Steps 8-12: Misroutes the customer-satisfaction portion of the task into the finance toolchain. The model searches for “VantageLens” twice with finance-engine_search_quotes, resolves the result to ticker IFF, retrieves ticker metadata with finance-engine_get_ticker_info(symbol="IFF"), and then requests monthly price history twice with finance-engine_get_price_history(symbol="IFF", period="1y", interval="1mo").
Step 13: Finishes with a final answer that correctly reports the first-comment author lookup path, but incorrectly states a 100% decrease in billing tickets and fails to retrieve the required feedback-rate metric.

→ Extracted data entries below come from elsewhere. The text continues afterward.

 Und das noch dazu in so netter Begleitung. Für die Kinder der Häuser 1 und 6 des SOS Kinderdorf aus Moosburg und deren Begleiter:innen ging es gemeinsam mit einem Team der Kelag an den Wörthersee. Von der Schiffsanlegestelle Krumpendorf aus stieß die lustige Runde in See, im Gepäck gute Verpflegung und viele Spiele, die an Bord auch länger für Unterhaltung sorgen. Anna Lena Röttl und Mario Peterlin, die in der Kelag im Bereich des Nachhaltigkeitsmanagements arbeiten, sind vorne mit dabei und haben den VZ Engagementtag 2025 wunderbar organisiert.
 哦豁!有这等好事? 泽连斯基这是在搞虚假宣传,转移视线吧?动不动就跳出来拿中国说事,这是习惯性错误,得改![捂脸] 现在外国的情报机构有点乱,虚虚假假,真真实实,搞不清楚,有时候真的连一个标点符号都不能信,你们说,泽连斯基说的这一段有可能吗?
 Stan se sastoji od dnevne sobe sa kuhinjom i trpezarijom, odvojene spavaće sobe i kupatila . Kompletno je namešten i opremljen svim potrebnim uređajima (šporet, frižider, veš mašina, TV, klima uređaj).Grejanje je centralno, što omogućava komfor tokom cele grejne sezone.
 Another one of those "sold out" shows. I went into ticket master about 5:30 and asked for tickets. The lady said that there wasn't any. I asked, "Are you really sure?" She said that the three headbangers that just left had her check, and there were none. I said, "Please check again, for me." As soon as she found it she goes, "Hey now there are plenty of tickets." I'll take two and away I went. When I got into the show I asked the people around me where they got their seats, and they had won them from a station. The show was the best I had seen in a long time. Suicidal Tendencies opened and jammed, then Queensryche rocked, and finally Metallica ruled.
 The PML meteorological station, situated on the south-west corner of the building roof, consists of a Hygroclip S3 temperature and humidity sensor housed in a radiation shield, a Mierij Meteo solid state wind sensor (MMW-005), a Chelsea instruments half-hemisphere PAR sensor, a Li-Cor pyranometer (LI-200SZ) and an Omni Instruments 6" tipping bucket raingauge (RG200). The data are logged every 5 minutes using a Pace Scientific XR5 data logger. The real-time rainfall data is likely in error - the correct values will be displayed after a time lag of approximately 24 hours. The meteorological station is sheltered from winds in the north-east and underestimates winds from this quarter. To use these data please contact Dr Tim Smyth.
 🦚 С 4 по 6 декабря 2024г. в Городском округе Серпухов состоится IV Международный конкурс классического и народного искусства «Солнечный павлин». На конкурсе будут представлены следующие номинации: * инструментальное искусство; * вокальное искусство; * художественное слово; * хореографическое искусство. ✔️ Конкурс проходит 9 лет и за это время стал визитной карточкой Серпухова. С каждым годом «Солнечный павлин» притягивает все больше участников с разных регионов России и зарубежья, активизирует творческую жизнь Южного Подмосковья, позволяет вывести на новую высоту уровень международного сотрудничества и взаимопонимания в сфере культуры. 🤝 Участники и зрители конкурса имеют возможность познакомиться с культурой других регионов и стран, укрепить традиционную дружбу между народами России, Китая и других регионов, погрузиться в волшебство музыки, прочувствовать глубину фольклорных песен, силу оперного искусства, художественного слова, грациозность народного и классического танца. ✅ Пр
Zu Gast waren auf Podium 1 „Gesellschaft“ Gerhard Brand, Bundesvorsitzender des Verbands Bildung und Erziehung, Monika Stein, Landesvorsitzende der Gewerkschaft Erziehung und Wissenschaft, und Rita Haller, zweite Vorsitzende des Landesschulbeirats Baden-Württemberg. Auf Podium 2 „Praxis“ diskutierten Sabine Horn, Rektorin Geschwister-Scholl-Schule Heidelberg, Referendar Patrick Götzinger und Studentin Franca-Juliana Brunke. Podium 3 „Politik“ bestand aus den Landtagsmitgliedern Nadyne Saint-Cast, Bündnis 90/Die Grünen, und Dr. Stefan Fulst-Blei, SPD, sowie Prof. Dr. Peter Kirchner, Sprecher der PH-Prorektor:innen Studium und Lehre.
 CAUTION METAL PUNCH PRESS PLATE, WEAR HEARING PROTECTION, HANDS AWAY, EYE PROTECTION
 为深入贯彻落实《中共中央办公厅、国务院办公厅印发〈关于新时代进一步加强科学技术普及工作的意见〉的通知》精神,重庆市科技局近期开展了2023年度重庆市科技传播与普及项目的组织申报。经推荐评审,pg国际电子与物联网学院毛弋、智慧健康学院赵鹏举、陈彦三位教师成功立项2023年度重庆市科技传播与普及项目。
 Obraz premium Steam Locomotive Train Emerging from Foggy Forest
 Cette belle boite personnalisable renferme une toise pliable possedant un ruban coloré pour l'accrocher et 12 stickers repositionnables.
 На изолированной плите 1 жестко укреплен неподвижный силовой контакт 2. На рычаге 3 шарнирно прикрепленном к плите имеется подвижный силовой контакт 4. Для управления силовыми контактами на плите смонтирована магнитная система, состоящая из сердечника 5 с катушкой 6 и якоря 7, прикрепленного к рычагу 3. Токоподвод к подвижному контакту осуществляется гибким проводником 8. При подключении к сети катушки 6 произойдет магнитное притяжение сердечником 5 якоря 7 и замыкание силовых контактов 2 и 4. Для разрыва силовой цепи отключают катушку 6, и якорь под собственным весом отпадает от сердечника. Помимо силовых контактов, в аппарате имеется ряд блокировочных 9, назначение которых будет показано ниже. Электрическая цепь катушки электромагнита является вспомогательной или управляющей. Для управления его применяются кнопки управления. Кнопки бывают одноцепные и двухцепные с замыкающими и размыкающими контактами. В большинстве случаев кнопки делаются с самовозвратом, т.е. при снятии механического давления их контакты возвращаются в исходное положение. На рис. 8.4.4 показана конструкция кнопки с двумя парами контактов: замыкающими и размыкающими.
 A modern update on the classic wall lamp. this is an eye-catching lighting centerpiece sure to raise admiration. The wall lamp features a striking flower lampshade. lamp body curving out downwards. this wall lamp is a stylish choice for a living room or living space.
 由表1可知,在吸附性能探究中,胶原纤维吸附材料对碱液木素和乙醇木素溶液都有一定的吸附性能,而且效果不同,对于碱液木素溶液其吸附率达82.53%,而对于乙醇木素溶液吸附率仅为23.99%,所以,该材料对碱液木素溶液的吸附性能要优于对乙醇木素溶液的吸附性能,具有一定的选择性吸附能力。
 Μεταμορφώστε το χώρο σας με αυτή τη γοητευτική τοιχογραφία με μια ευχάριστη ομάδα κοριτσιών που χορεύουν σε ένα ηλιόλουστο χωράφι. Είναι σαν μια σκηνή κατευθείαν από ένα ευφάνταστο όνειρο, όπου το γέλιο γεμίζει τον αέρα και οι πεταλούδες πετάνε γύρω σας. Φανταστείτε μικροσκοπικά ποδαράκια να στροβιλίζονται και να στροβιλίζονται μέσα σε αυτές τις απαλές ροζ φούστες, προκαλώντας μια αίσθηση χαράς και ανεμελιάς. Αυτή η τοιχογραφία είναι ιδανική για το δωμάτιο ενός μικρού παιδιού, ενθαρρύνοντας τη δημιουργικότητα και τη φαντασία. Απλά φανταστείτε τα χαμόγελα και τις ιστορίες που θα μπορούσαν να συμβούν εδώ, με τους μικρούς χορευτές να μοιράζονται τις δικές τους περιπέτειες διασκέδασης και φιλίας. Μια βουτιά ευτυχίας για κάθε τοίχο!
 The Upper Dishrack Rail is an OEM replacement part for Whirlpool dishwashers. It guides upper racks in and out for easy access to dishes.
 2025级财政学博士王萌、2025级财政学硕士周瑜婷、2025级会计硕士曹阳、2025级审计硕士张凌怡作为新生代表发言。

Conclusion: The correct solution first retrieves the billing-tagged tickets and filters them to the requested time window, including identifying that there are 15 billing tickets created in November 2025 up to November 12, 2025 at 5:00 PM. It must then determine that ticket ID 48 was resolved earliest among the relevant billing tickets, trace the first comment on that ticket to the correct author, and identify that Mei Tan (user ID 7) has last login date 2025-10-15T06:49:06. For the customer-satisfaction portion, the rubric-backed answer key also requires identifying that customer 34 gave a feedback rate of 5. The sample trajectory therefore fails because it drills into ticket 46 instead of the correct ticket, follows the wrong first-comment author lookup path, misstates the billing-ticket comparison, and misroutes the feedback-rate subproblem into an unrelated finance toolchain.
Rubrics:
| Requirement ID | Requirement Description | Rubric Category | Pass |
|---|---|---|---|
| 1 | The model must use the zendesk_get-tickets-by-tag tool. Alternatively, it can use the following valid tools: the zendesk_get-tickets-by-tag tool, the zendesk_get-tickets tool. | Tool Selection | ✅ |
| 2 | The model must use the zendesk_get-tickets-by-tag tool or the zendesk_get-tickets tool to retrieve the tickets with the tag “billing”. | Query Construction | ✅ |
| 3 | The model must identify that the last login date of Mei Tan (user ID 7) is 2025-10-15T06:49:06. | Multi-Step Planning | 🚫 |
| 4 | The model must identify that customer 34 gave a feedback rate of 5. | Multi-Step Planning | 🚫 |
| 5 | The model must identify that there are 15 billing tickets created in November 2025 up to November 12, 2025 at 5:00 PM. | Multi-Step Planning | 🚫 |
| 6 | The model must identify that ticket ID 48 was resolved earliest among all billing tickets created after October 1, 2025 00:00:00. | Multi-Step Planning | 🚫 |
| 7 | The model's response must state that the average feedback rate for the period from October to November 12, 2025 is 4.95 or an approximate rounded value. | Answer Correctness | 🚫 |
There are a total of 47 high-quality rubrics, we have omitted the rest for conciseness.